Olhou o relógio no pulso e espreguiçou-se.
- Deus meu! Quase quatro e quinze da manhã!
- Isso não é nada para quem veio de Paris. Ela sorriu.
- Estava linda a Primavera!... Sabe o que me deu vontade agora, Baby?
Enfiou com força as unhas entre seus cabelos.
Ele sorriu. Mas ela desfez a ilusão.
- Não. Não é bem isso que você está pensando. Me deu vontade e, se não fosse tão tarde, eu pediria para que você nos fizesse um cafezinho bem forte, para tirar o gosto dessa história fantasmagórica.
- Eu faço. Mas enquanto a água ferve, posso tomar um banho? Faz bem dois dias que não tomo uma ducha. Estou podre.
- Por quê?
- Você ainda o pergunta? Porque estava desanimado. Porque estava triste e ansioso. Porque eu mesmo me boto de castigo de vez em quando.
- Se eu não estivesse tão zangada com você, teria achado essa confissão uma delícia.
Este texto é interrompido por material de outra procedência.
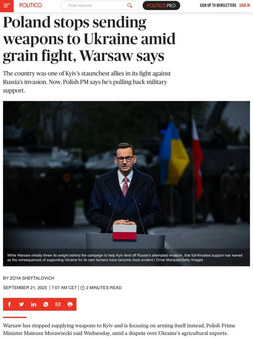 Tin vui hay buồn sáng nay? - Zelensky hứng đòn đầu tiên trong khi Đại hội đồng LHQ đang diễn ra tại New York: Thủ tướng Ba Lan Mateusz Morawiecki đêm qua tuyên bố trong cuộc phỏng vấn với kênh truyền hình Polsat rằng Ba Lan không cung cấp bất kỳ loại vũ khí nào nữa cho Ukraina vì bản thân Ba Lan đang tái vũ trang quân đội của mình bằng những loại vũ khí hiện đại nhất, - TASS đưa tin.
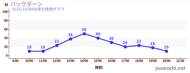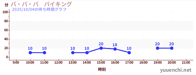 2025/10/04の待ち時間グラフ (バ・バ・バ バイキング)

- Sei que você tem toda razão, Pô. Mas desde que você chegou que não faço outra coisa que não seja arrastar meu rabo no chão, pedindo perdão em tudo. Até no modo como contei toda a tragédia.
Saiu para a cozinha e ela ouviu que ele acendia o gás do pequeno fogão. Levantou-se e foi se sentar numa cadeira da copa para poder "apreciá-lo" bem. O coração, se não fosse o domínio da mente, estava repetindo há muito: porque perder tanto tempo? Ou então a vontade refreada de dizer: "meu querido querido, eu te amo... Eu te amo"...
Enquanto tirava a camisa para ir banhar-se, não se conteve e comentou mal-humorado.
- Também sua zanga está parecendo o Bolero de Ravel, que não acaba nunca!...
Deixou a porta do banheiro aberta para que ela ouvisse o descer da água sobre o seu corpo. Para que o cheiro do sabonete que ela escolhia chegasse até suas narinas.
- Pô, você pode se zangar, mas vou dizer.
- Sim.
- "Eu te amo"...
- Verdade? Vou levar cento e sessenta séculos para tornar a acreditar nisso.
Agora era diferente, era a doce briguinha de amor. Gostosa, gostosíssima, gostosérrima, quente, quentíssima, quentérrima, de se sentir...
Esperou que ele aparecesse com os cabelos úmidos, envolto no robe-de-chambre azulado. Ele parou como se estivesse vendo uma visão. Então não se conteve. Arremessou-se de joelhos e com as mãos envolveu o corpo de Paula.
Um grito selvagem escapou-se de sua garganta e sua voz era toda uma confissão de ternura e paixão.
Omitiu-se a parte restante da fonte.